▸ **PROMPT**: The material below contains a line with "- Vantuzlu yapısı" and a line with "Man wearing Nigerian". Copy exactly those two lines and all lines between them.

▸ **SUPPLIED MATERIAL**:
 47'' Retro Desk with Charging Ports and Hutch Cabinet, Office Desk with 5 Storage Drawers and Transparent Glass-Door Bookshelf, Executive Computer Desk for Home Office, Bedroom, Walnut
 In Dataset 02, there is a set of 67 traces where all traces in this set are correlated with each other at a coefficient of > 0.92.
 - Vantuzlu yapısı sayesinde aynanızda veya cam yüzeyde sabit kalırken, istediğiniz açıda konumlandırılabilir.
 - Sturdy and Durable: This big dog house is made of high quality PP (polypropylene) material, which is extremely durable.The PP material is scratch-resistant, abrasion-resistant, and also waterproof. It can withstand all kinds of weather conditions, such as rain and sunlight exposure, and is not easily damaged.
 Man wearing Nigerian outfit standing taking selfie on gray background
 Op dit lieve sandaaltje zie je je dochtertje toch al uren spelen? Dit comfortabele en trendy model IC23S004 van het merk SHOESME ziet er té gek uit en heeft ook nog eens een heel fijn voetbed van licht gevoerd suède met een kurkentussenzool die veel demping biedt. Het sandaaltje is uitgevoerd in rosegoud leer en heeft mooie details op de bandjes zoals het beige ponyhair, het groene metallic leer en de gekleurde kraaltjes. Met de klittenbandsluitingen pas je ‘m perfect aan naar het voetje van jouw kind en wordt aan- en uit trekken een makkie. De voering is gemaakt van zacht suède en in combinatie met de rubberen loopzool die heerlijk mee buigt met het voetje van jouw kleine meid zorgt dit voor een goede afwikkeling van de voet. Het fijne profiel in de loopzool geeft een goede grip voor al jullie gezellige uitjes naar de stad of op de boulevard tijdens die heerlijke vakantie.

--

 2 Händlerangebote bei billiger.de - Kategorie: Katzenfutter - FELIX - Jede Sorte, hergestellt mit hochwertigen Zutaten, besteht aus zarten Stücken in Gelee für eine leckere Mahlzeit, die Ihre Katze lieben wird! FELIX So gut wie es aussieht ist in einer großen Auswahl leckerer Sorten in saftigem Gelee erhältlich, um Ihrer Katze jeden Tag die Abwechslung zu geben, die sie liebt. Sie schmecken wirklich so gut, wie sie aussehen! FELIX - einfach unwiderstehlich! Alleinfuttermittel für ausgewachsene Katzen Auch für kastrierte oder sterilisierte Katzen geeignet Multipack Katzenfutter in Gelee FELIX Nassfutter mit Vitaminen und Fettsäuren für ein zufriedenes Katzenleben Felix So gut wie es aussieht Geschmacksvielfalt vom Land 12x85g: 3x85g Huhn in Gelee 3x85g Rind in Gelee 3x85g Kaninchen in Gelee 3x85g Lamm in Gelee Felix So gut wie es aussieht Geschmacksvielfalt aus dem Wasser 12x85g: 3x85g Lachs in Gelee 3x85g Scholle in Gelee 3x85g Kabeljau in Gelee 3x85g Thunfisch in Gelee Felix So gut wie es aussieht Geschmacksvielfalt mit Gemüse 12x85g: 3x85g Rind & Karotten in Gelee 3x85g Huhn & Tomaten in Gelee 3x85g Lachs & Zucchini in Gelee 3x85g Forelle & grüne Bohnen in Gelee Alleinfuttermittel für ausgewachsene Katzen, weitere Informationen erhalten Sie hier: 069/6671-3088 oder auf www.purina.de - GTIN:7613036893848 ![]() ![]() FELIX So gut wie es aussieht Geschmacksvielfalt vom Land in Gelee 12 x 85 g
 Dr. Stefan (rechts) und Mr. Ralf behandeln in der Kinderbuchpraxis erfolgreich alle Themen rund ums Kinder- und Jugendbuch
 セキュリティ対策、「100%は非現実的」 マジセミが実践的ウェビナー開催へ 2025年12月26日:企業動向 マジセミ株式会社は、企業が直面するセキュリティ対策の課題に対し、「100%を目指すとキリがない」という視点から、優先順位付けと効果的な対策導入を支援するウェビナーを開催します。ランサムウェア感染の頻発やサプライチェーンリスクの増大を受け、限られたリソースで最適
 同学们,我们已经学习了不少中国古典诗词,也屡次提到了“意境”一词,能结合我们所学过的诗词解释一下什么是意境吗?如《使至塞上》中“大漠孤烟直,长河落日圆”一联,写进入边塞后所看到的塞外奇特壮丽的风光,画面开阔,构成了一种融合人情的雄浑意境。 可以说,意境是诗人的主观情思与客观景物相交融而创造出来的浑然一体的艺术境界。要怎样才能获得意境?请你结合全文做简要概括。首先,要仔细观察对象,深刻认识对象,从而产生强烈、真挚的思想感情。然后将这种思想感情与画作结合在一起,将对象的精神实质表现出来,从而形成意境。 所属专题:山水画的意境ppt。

▸ **RESPONSE BELOW**:
 - Vantuzlu yapısı sayesinde aynanızda veya cam yüzeyde sabit kalırken, istediğiniz açıda konumlandırılabilir.
 - Sturdy and Durable: This big dog house is made of high quality PP (polypropylene) material, which is extremely durable.The PP material is scratch-resistant, abrasion-resistant, and also waterproof. It can withstand all kinds of weather conditions, such as rain and sunlight exposure, and is not easily damaged.
 Man wearing Nigerian outfit standing taking selfie on gray background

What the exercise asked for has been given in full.